Disclaimer : This tool is largely inspired by the eGSEA R package (and contains some of its code)

How to install

devtools::install_github("vguillemot/coGSEA")

Inputs

  • ElistObject : a Elist object. Your Elist object must be either a limma-voom object in case of RNAseq data, or have a estimated dispersion in case of MicroArray data. Dispersion estimates can be performed using the estimateDisp() function from the edgeR package.

  • contrastMatrix : the contrast matrix object for your experiment. For some help to make a contrast matrix, you can check the vignette of the limma package.

  • ENTREZGenesIds : the Elist object containing the ENTREZ gene identifiers. For example elist$genes$ENTREZ

Parameters

  • geneSetCollection : A geneset collection from the MSigDB database. Currently only three are supported : H (Hallmark) and two subset of C2_KEGG and C2_REACTOME(Kegg and Reactome). You can also use your own geneset collection. In this case, you need to provide an list object with genesets and genes. Such an example file can be found here

  • Specie : The organism from which the data were extracted. Currently only Homo sapiens and Mus musculus are supported. Default : Mus musculus

  • directoryPath : a path to an existing directory where coGSEA results and plots will be saved. Default : "./"
    Example : "~/coGSEA_results"

  • alpha : Alpha p value threshold. Default : 0.05
    example : 0.05

  • pvalAdjMethod : p value adjustment method for multiple testing. Default : BH.
    To select among the following methods :

    • holm
    • hochberg
    • hommel
    • bonferroni
    • BH (Benjamini Hochberg)
    • BY (Benjamini Yekutieli)
    • fdr (False Discovery rate)
    • none
  • pvalCombMethod : the method to combine all the p.values of one geneset accros the different GSEA methods. Default : sumlog
    To select among the following methods :

    • sumz (sum z method)
    • votep (vote counting method)
    • minimump (Wilkinson's method)
    • sumlog (Fisher's method) - selected by default
    • sump (sum p method)
    • logitp (logit method)
    • meanp (mean p method)
    • maximump (Wilkinson's method)
  • min.intersection.size : Graphical Parameter to select the minimum size of an intersection of genesets between different methods. Default : 1
    Example : 2

  • GSEA.Methods : between 1 and 12 methods to select from the methods listed in the introduction. Default : c("camera", "gage","globaltest", "gsva", "ssgsea", "zscore", "plage", "ora", "padog", "roast","safe")
    Example : c("camera", "gage","globaltest")
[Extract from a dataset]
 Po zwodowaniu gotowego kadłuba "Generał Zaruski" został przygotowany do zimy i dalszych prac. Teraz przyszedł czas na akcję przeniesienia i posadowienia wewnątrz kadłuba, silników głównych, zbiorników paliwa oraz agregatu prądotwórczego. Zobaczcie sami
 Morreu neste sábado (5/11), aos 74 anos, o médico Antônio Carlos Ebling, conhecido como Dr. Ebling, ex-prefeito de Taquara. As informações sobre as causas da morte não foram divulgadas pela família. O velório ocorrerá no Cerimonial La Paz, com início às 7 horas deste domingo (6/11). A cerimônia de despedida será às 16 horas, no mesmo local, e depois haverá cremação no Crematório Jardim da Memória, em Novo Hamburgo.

  • num.workers : number of thread for multithreading to decrease execution time. Default : 4
    Example : 4

  • shinyMode : Boolean value. Shouldn't be changed. Only used when running coGSEA is running in the background of a shiny application. Default : FALSE

Data preparation for running coGSEA

MicroArray data

This example dataset is from a article about Astrocymotas tumors published in 2011 by Liu et al.
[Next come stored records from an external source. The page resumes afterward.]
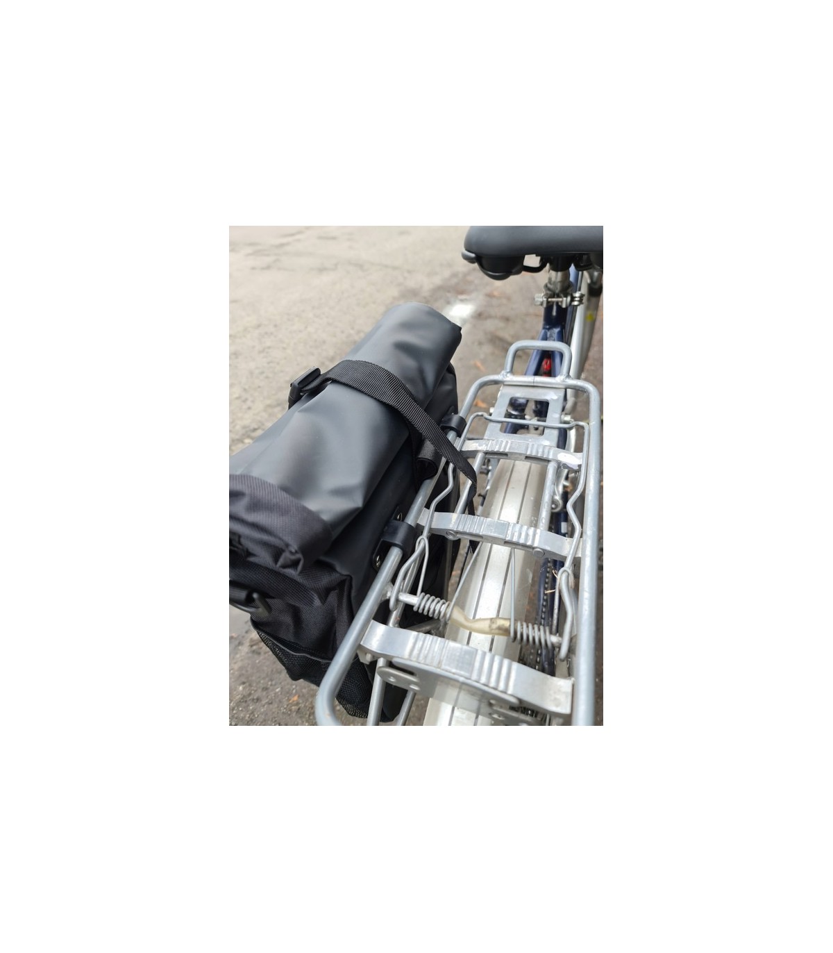 - MONTAŻ NA HAKI DO BAGAŻNIKA – jest to torba, która pasuje do wszystkich rowerów z bagażnikiem. Zawdzięcza to 2 hakom oraz uchwytowi na rzep, dzięki którym można łatwo i szybko dostosować montaż do szerokości bagażnika.
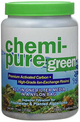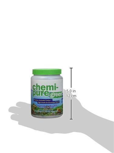 Size:11 oz Chemi-pure Green is the ultimate all-in-one filtration media for freshwater planted aquariums. Conveniently packaged in an easy to use nylon bag, Chemi-pure Green is formulated to offer superior filtration without removing essential nutrients. Chemi-pure Green combines the highest grade of low dust pelletized activated carbon with premium ion exchange resins to produce a balanced formula optimized for the health and well-being of your plants while delivering crystal clear water. The proprietary formula significantly reduces tannins, odors, toxins, organic compounds and medications. Chemi-pure Green・・s high-capacity pelletized activated carbon has very low ash content and rinses clear quickly. The finest laboratory grade resins are incorporated to rapidly remove organics and tannins from your aquarium water while helping to stabilize pH and maintain macronutrient levels. Chemi-pure Green・・s unique formula is the finest planted aquarium filtration media available. For a healthy, stable, crystal clear planted aquarium use Chemi-pure Green!.
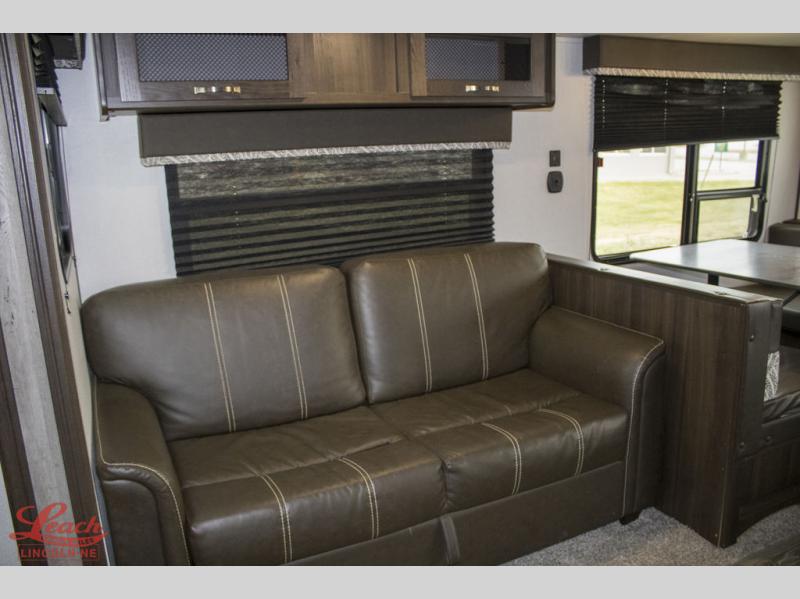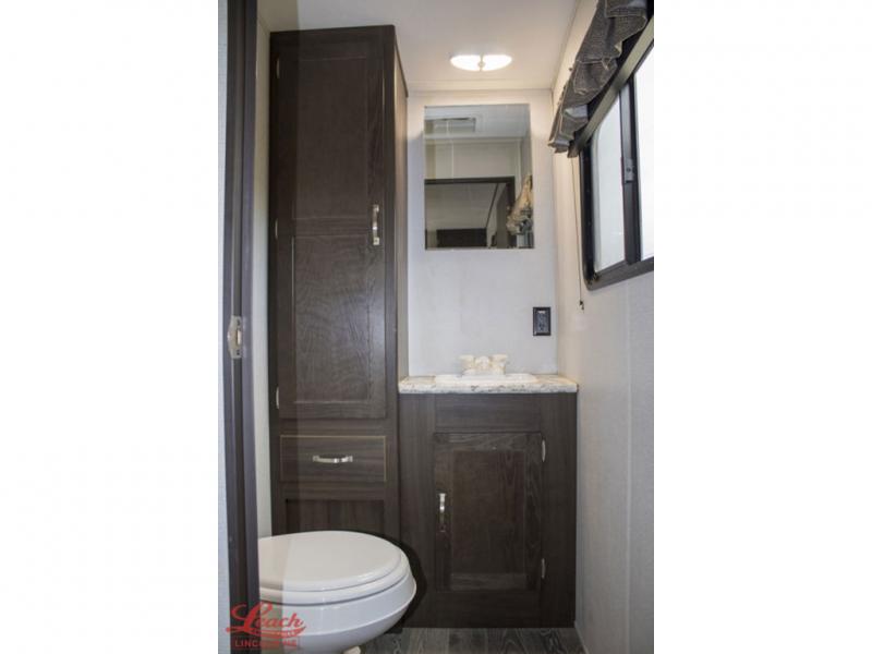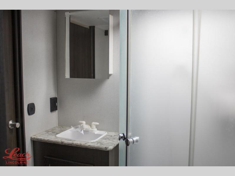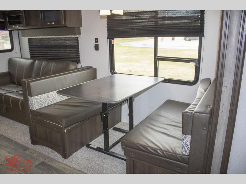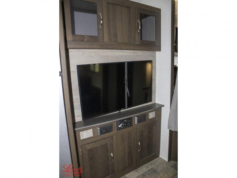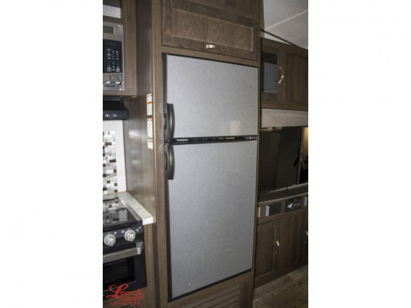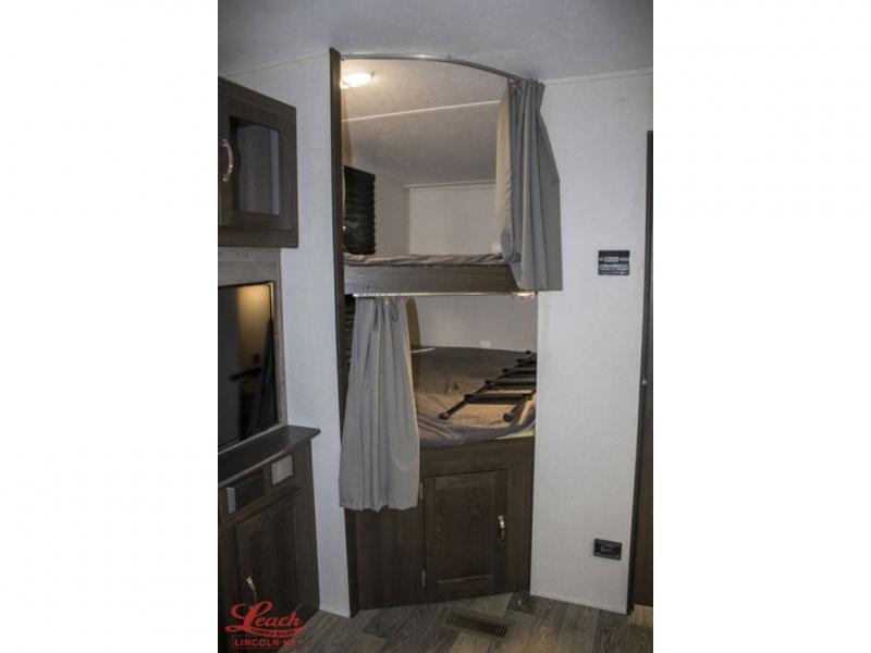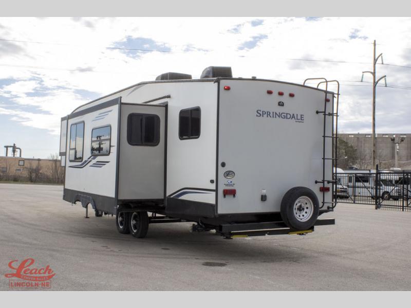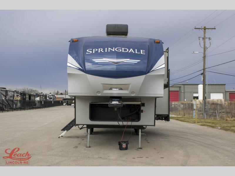 You will just love this Keystone Springdale fifth wheel! With the two slides, there is plenty of storage space to keep your travel items and enough room to freely move around the unit! You will love cooking in the kitchen, relaxing on the sofa in front of the entertainment center, or eating a meal at the booth dinette which can also be transformed into an extra sleeping space. The double-size bunks are sure to be a crowd pleaser with your kiddos, and they will also love having their own half bath located right next to the bunks. You are sure to love having your own front private master suite that has a queen bed with closets and nightstands on either side, as well as a wardrobe slide to keep your clothes neat and tidy. Plus, you have your own entrance into the dual-entry bath. Whatever you choose to do, your trip is sure to be relaxing, fun, and amazing!

You can download it on the Gene Expression Omnibus database with the accession number GSE19728

Loading the necessary packages for this analysis

library(affy)
library(hgu133plus2.db)
library(edgeR)
library(gage)
library(coGSEA)

Loading the CEL FILES and Normalizing them usin rma

setwd("~/GitLab/GSE19728/data/")
celfiles = ReadAffy()
celfiles = rma(celfiles)

Getting the expression data, and the Probe Names

intensity = exprs(celfiles)
intensity = cbind(rownames(intensity), intensity)
colnames(intensity)[1] = "PROBEID"
intensity = as.data.frame(intensity)
intensity$PROBEID = as.character(intensity$PROBEID)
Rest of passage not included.